» **Exercise requirements**
Set down, exactly and with no pictures, the line that contains "Containing four oval" and all lines after it in the listing.

◆ ◆ ◆ ◆ ◆ ◆ ◆

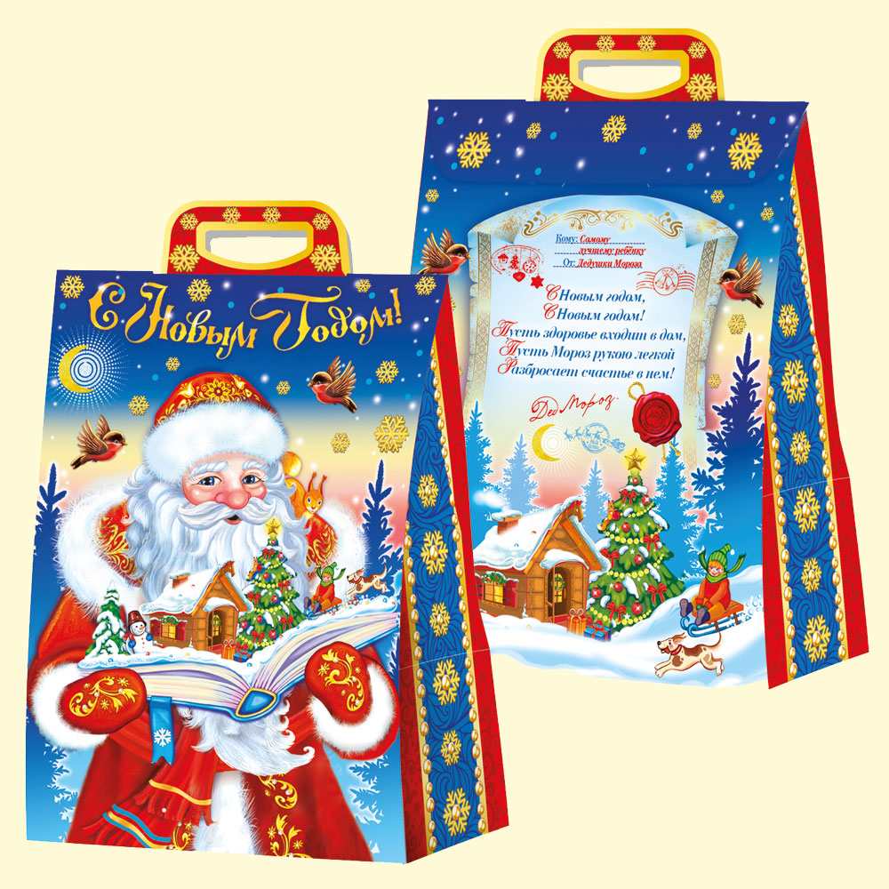 Новогодняя упаковка Новый Год, 2000 г, картонная подарочная коробка0705761143 Картонная коробка "Новый Год" для упаковки детских новогодних подарков, шоколадных конфет, сувениров, игрушек. <br> Коробка самосборная с ручкой в верхней части, изготовлена из хромэрзац картона с применением УФ-лакирования. <br> Цветная печать с тематическим новогодним изображением Деда Мороза и Снегурочки. <br> Внутренняя вместимость упаковки — 2000 г кондитерских изделий. <br><br> Размеры: 230×100×330 (375) мм <br> Длина: 230 мм <br> Ширина: 100 мм <br> Высота: 330 (375) мм |
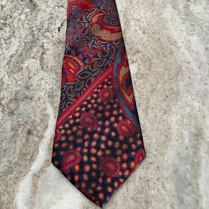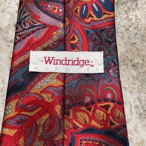 Men’s windridge neck tie. Red paisley print, 100% polyester.
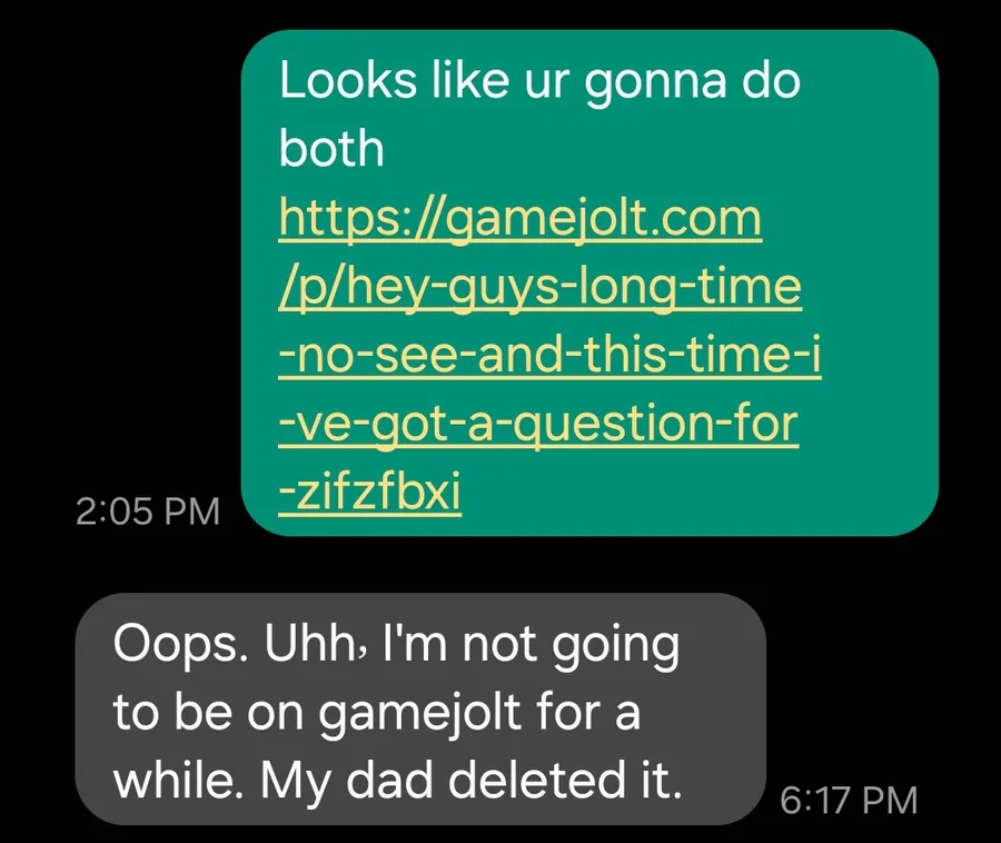Their dad deleted game jolt off her phone. So for the "face and voice reveal" she was ment to do, well... idk if u guys are gonna get it until she gets her account back
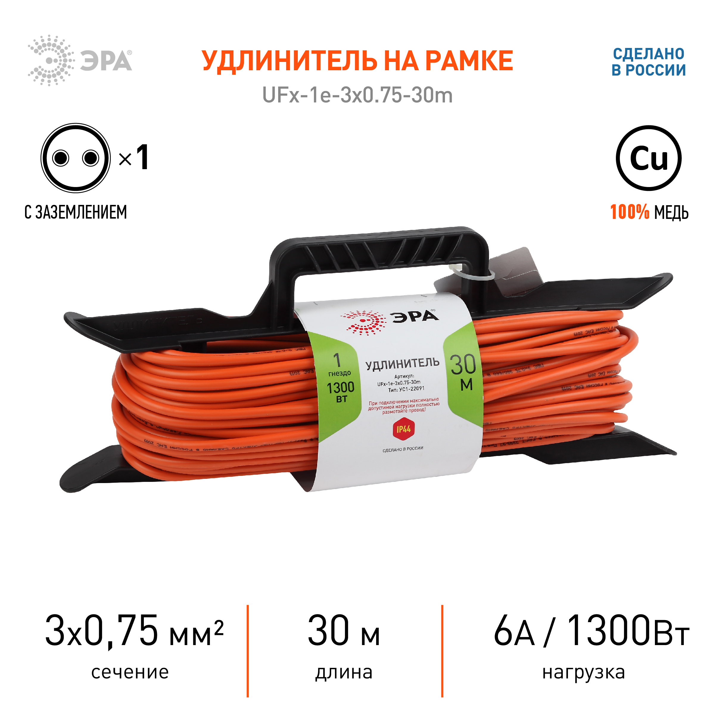 Удлинитель на 1 пост садовый Эра UFx-1-2x0.75-30m Б0046822
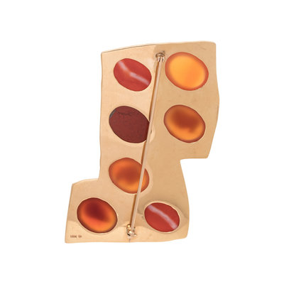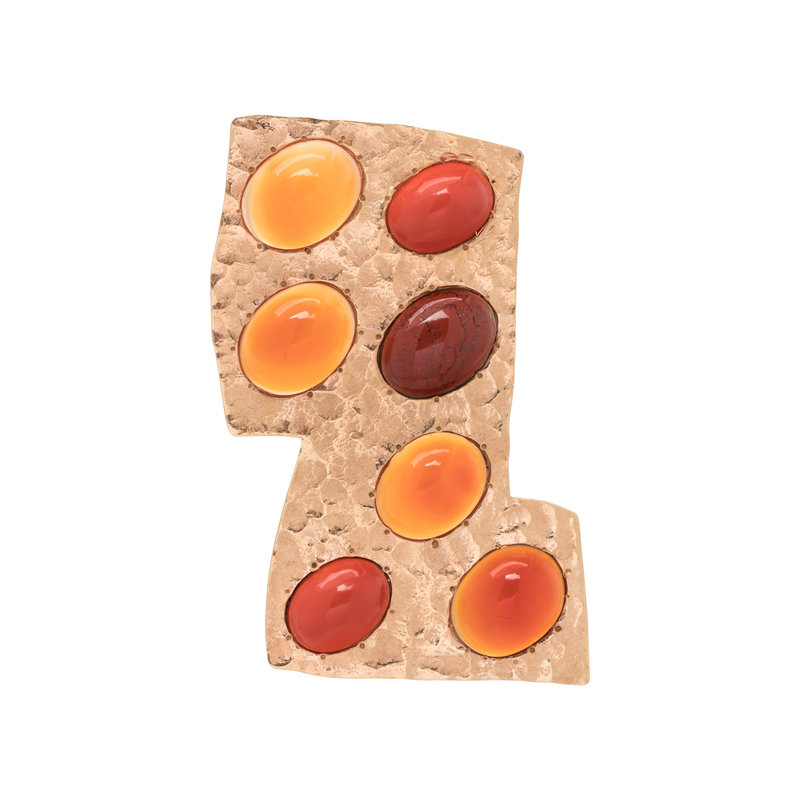 Containing four oval cabochon carnelian, two oval cabochon coral and one oval cabochon jasper, in a geometric style setting in a hammered finish. 2 1/4 x 3 inches.
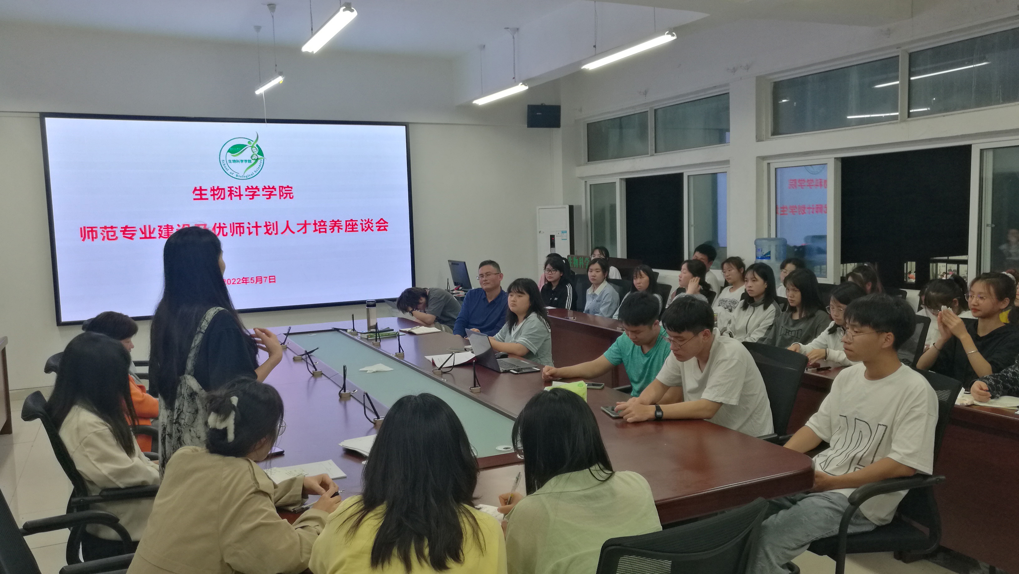 为了提高师范专业员工的培养质量,优化人才培养方案,5月7日晚,威廉williamhill体育在宁静楼611会议室举行师范专业建设及优师计划人才培养座谈会”。会议由经理刘讯主持,班主任梁涛、赵月梅,生物科学专业各班班干部以及优师计划员工参加。
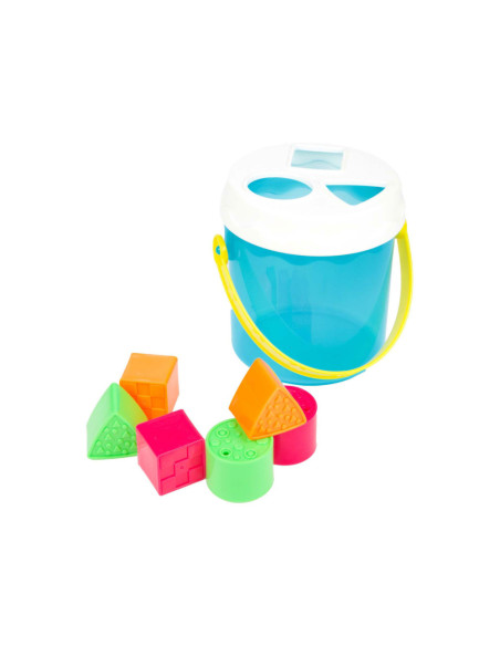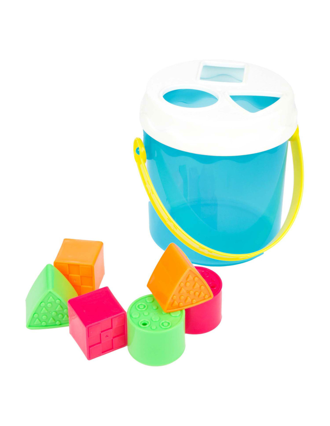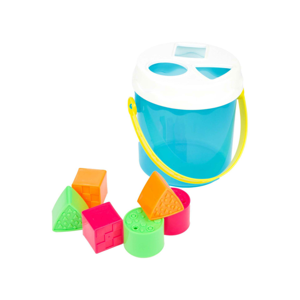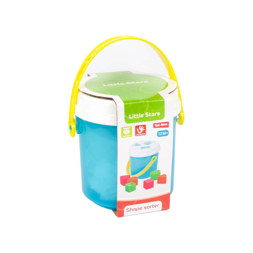 Baby vormenstoof emmer met 6 blokken. Geschikt voor kinderen vanaf 12 maanden.
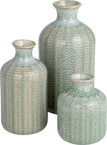 Storied Home Embossed Stoneware Vases with Reactive Glaze, Grey, Set of 3, Main, color, Grey

◆ ◆ ◆ ◆ ◆ ◆ ◆

» **Task output**
 Containing four oval cabochon carnelian, two oval cabochon coral and one oval cabochon jasper, in a geometric style setting in a hammered finish. 2 1/4 x 3 inches.
 为了提高师范专业员工的培养质量,优化人才培养方案,5月7日晚,威廉williamhill体育在宁静楼611会议室举行师范专业建设及优师计划人才培养座谈会”。会议由经理刘讯主持,班主任梁涛、赵月梅,生物科学专业各班班干部以及优师计划员工参加。
 Baby vormenstoof emmer met 6 blokken. Geschikt voor kinderen vanaf 12 maanden.
 Storied Home Embossed Stoneware Vases with Reactive Glaze, Grey, Set of 3, Main, color, Grey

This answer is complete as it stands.